When you can use monotonic stack: given a 1-d array, find the index of the number which is the closest larger / smaller number of the current number. Time complexity O(n).
LeetCode 739
Daily Temperatures (Medium) [link]
Brute Force solution: time complexity O(n^2).
Using monotonic stack: time complexity O(n). Keep track of the index in a stack in increasing order of the values from top to bottom. Then the resulting table is result[stack.top()] = i-stack.top()
.
class Solution:
def dailyTemperatures(self, temperatures: List[int]) -> List[int]:
result = [0]*len(temperatures)
stack = [0] # index of the temperatures[0]
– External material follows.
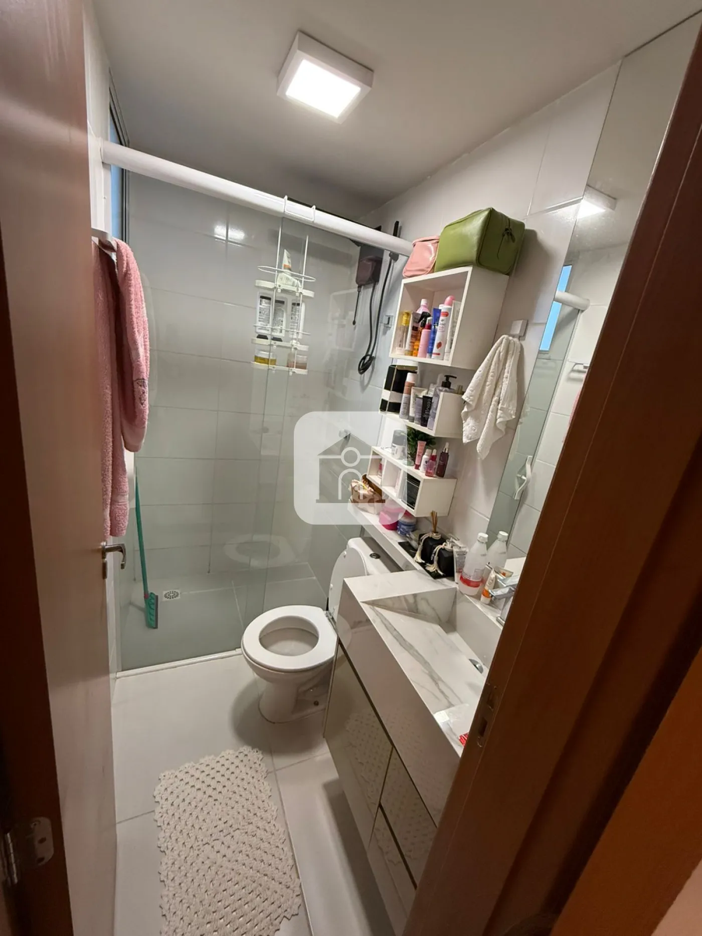 Banheiro social com box e armário

for i in range(1, len(temperatures)):
if temperatures[i] <= temperatures[stack[-1]]:
stack.append(i)
else:
while len(stack) != 0 and temperatures[i] > temperatures[stack[-1]]:
result[stack[-1]] = i-stack[-1]
stack.pop()
stack.append(i)
return result
LeetCode 496
Next Greater Element I (Easy) [link]
Time complexity O(n+m).
class Solution:
def nextGreaterElement(self, nums1: List[int], nums2: List[int]) -> List[int]:
result = [-1] * len(nums1)
stack = [0]
for i in range(1, len(nums2)):
if nums2[i] <= nums2[stack[-1]]:
stack.append(i)
else:
while len(stack) !=0 and nums2[i] > nums2[stack[-1]]:
if nums2[stack[-1]] in nums1:
ind = nums1.index(nums2[stack[-1]])
result[ind] = nums2[i]
stack.pop()
stack.append(i)
return result
LeetCode 503
Next Greater Element II (Medium) [link]
We are going to find the next greater number in a circular integer array. The idea is to concatenate two input arrays and solve the problem as LC 496.
class Solution:
def nextGreaterElements(self, nums: List[int]) -> List[int]:
res = [-1] * len(nums)
stack = [0]
for i in range(1, len(nums)*2):
if nums[i%len(nums)] <= nums[stack[-1]]:
stack.append(i%len(nums))
else:
while (len(stack) != 0 and nums[i%len(nums)] > nums[stack[-1]]):
res[stack[-1]] = nums[i%len(nums)]
stack.pop()
stack.append(i%len(nums))
return res
Note that all the solution above can be simplified to avoid if-else.